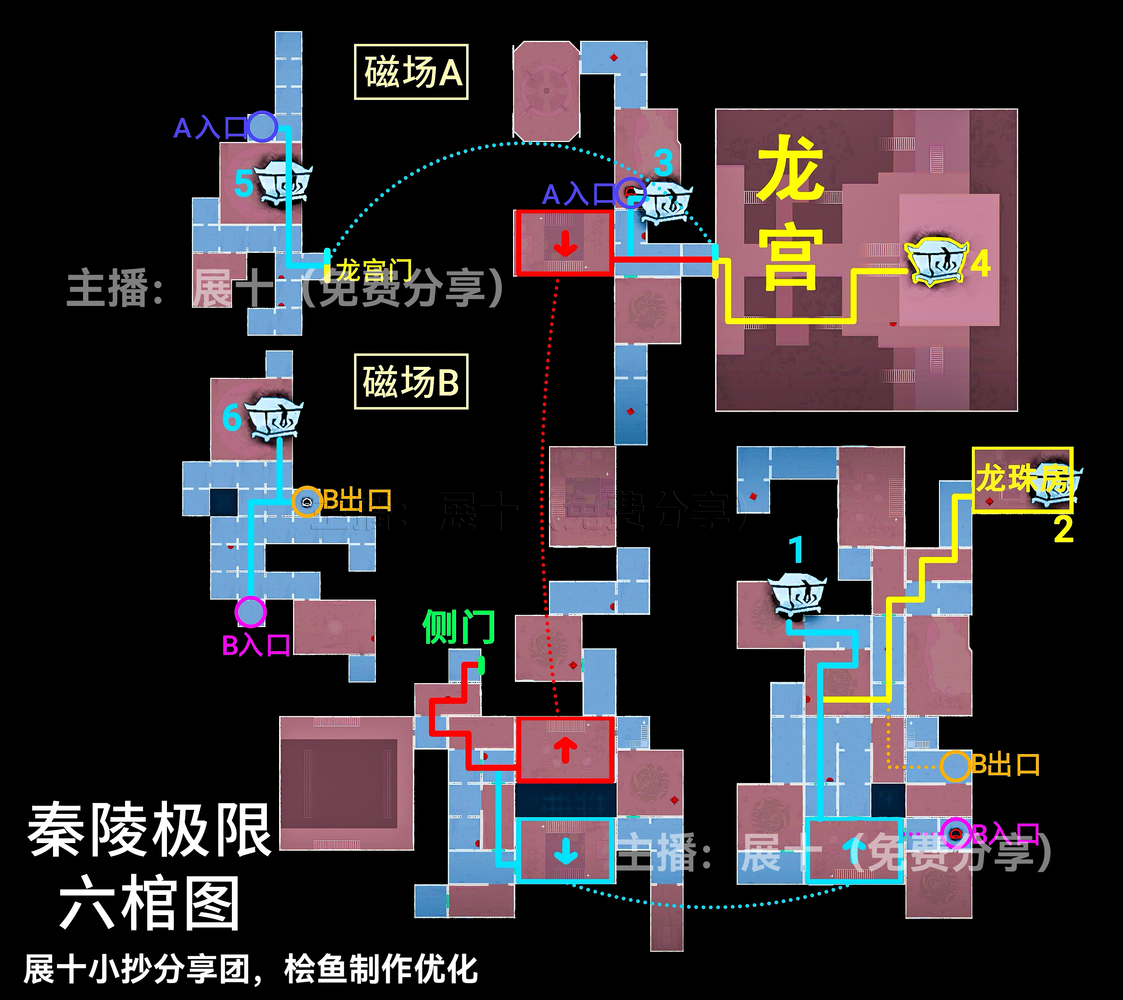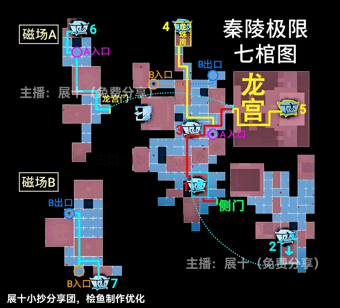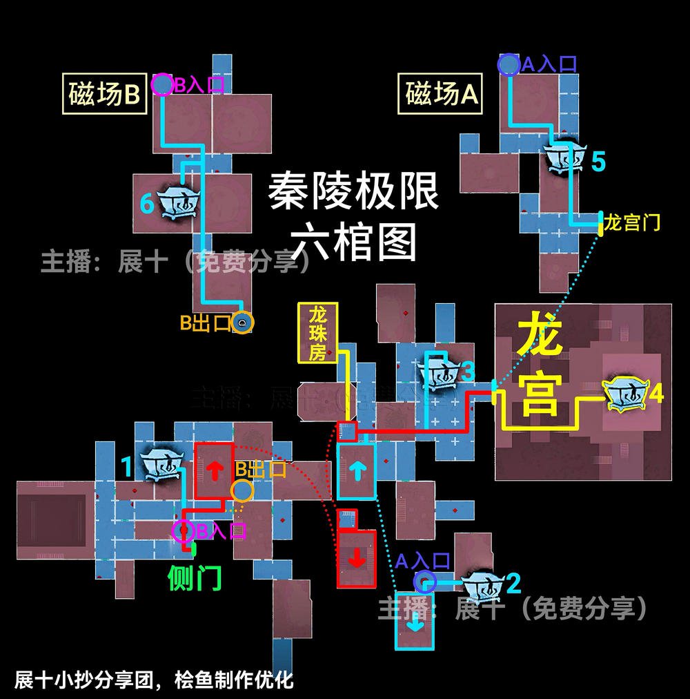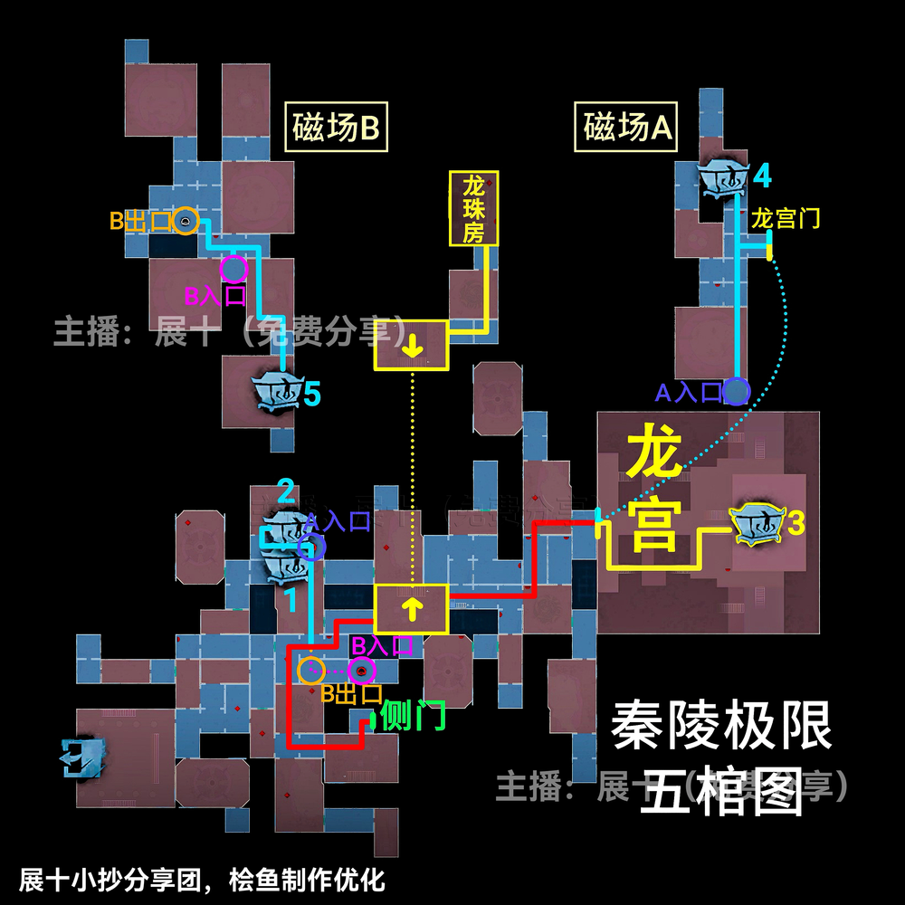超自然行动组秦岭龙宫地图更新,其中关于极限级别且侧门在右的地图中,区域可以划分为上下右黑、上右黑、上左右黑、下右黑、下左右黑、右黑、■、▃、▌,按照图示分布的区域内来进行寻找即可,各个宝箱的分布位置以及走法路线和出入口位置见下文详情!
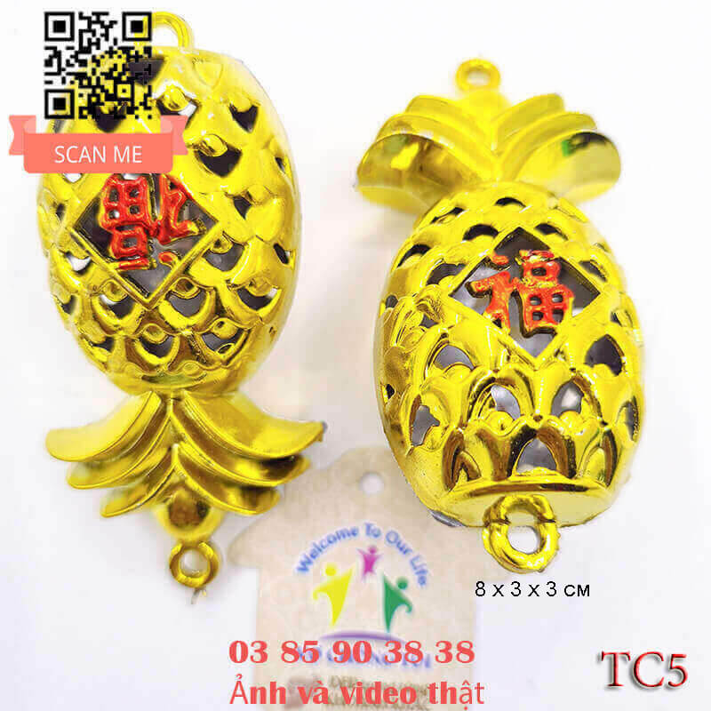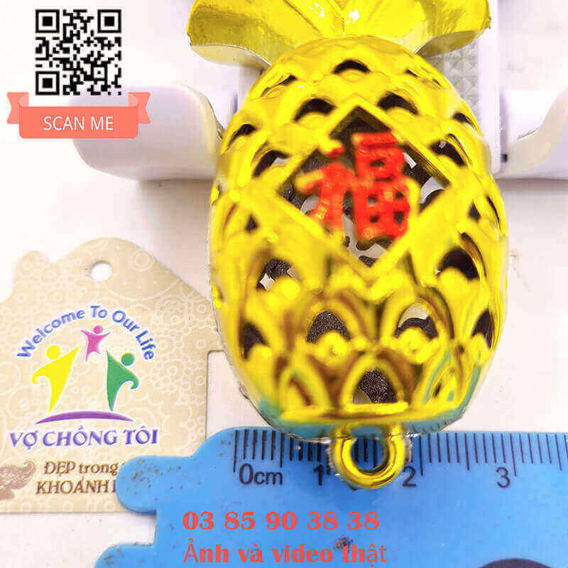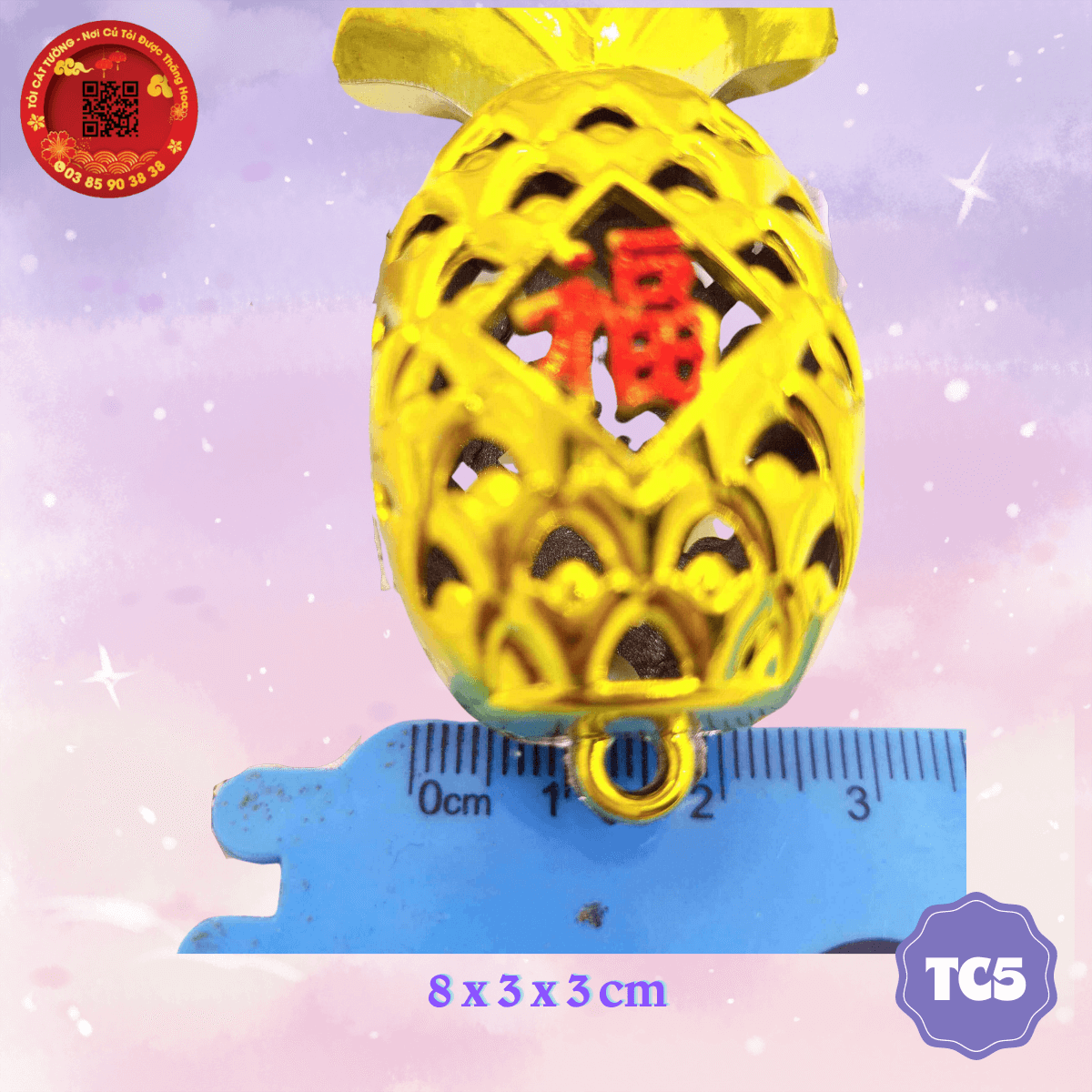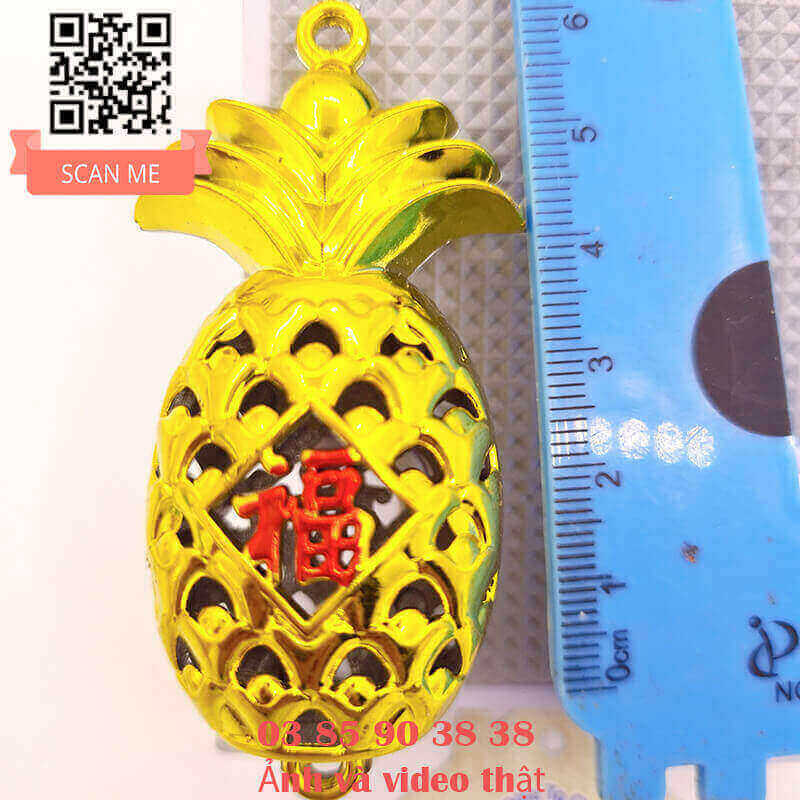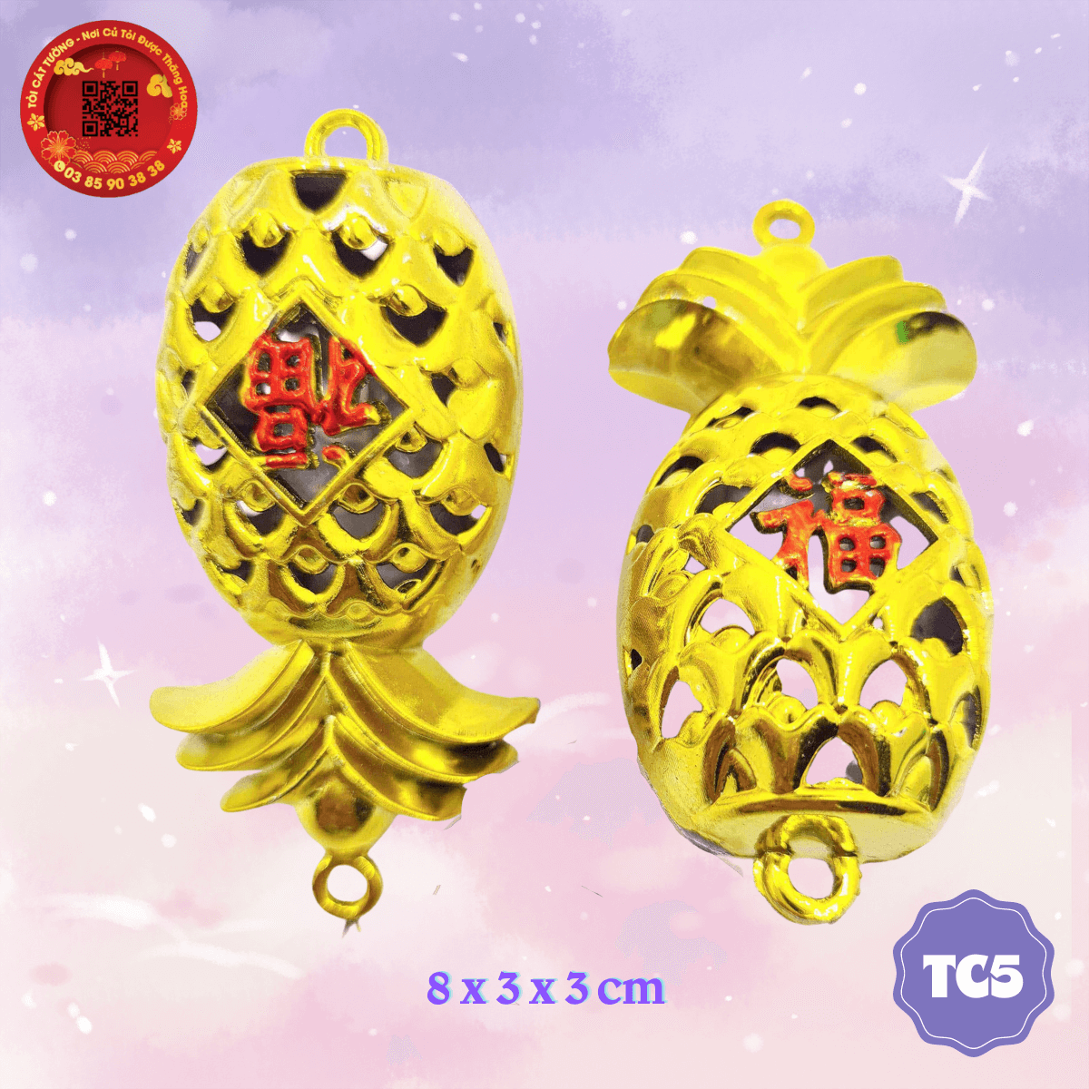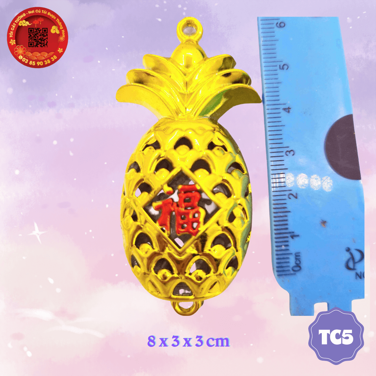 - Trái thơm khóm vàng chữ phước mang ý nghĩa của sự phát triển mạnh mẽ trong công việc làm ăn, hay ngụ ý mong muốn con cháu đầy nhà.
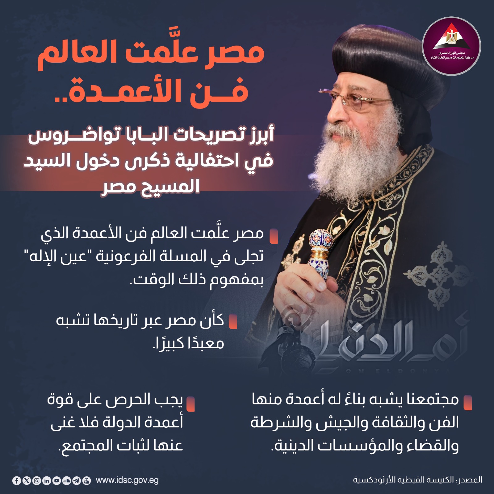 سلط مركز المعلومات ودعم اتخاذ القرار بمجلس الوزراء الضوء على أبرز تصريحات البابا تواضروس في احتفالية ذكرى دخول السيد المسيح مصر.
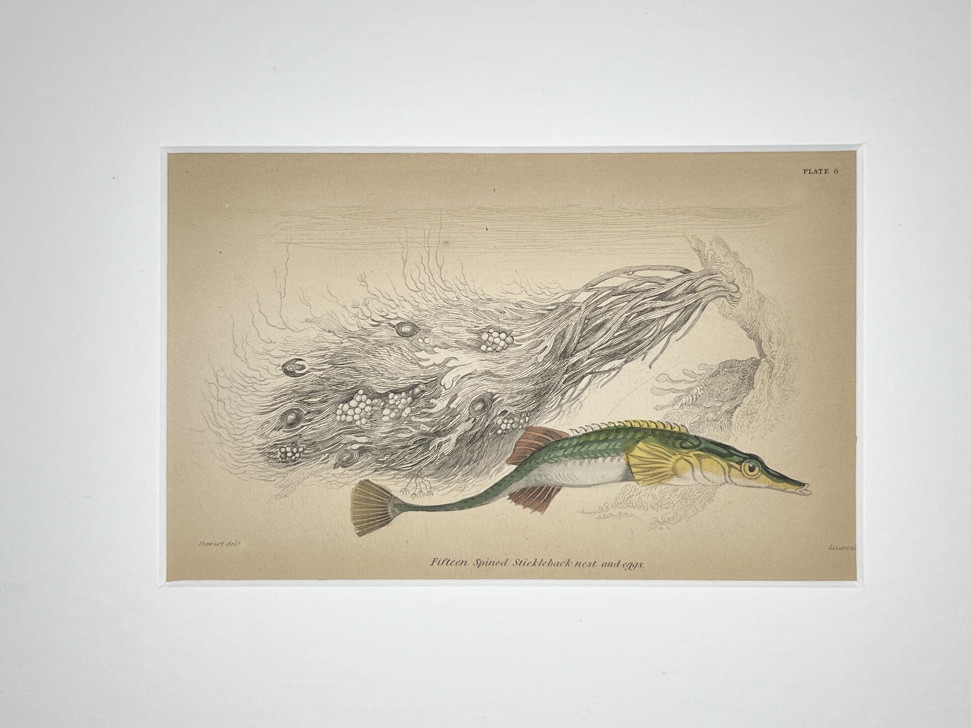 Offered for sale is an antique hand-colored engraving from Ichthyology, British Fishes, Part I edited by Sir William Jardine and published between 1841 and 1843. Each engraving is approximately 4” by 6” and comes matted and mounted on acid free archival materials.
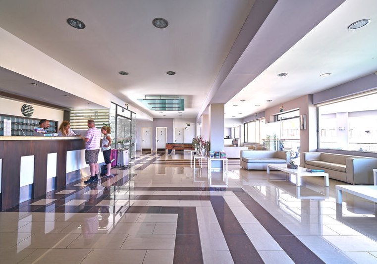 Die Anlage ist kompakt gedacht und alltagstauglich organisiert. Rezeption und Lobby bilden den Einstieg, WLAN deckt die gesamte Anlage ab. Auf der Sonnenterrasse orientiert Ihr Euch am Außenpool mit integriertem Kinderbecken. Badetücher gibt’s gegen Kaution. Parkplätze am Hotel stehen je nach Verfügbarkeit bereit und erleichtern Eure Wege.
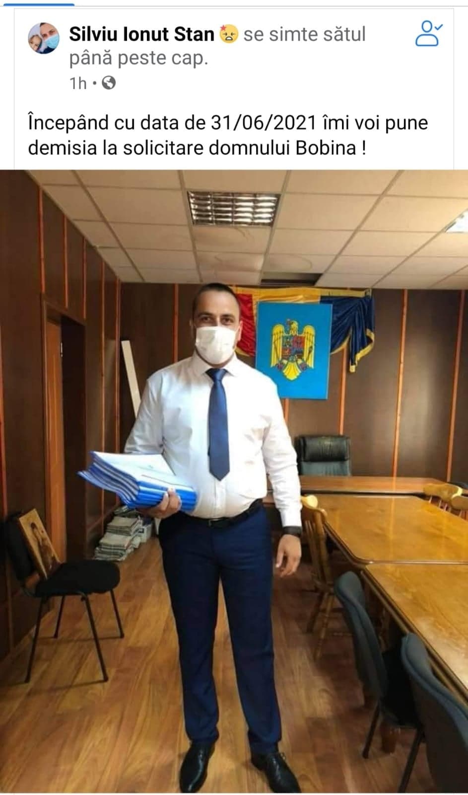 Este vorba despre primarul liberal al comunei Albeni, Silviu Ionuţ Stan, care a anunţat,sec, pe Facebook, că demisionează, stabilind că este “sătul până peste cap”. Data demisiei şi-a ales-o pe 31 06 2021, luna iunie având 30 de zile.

**Task item**
In your copy of the entries above, keep the text exact and leave out the pictures.

**Reply**
超自然行动组秦岭龙宫地图更新,其中关于极限级别且侧门在右的地图中,区域可以划分为上下右黑、上右黑、上左右黑、下右黑、下左右黑、右黑、■、▃、▌,按照图示分布的区域内来进行寻找即可,各个宝箱的分布位置以及走法路线和出入口位置见下文详情!
 - Trái thơm khóm vàng chữ phước mang ý nghĩa của sự phát triển mạnh mẽ trong công việc làm ăn, hay ngụ ý mong muốn con cháu đầy nhà.
 سلط مركز المعلومات ودعم اتخاذ القرار بمجلس الوزراء الضوء على أبرز تصريحات البابا تواضروس في احتفالية ذكرى دخول السيد المسيح مصر.
 Offered for sale is an antique hand-colored engraving from Ichthyology, British Fishes, Part I edited by Sir William Jardine and published between 1841 and 1843. Each engraving is approximately 4” by 6” and comes matted and mounted on acid free archival materials.
 Die Anlage ist kompakt gedacht und alltagstauglich organisiert. Rezeption und Lobby bilden den Einstieg, WLAN deckt die gesamte Anlage ab. Auf der Sonnenterrasse orientiert Ihr Euch am Außenpool mit integriertem Kinderbecken. Badetücher gibt’s gegen Kaution. Parkplätze am Hotel stehen je nach Verfügbarkeit bereit und erleichtern Eure Wege.
 Este vorba despre primarul liberal al comunei Albeni, Silviu Ionuţ Stan, care a anunţat,sec, pe Facebook, că demisionează, stabilind că este “sătul până peste cap”. Data demisiei şi-a ales-o pe 31 06 2021, luna iunie având 30 de zile.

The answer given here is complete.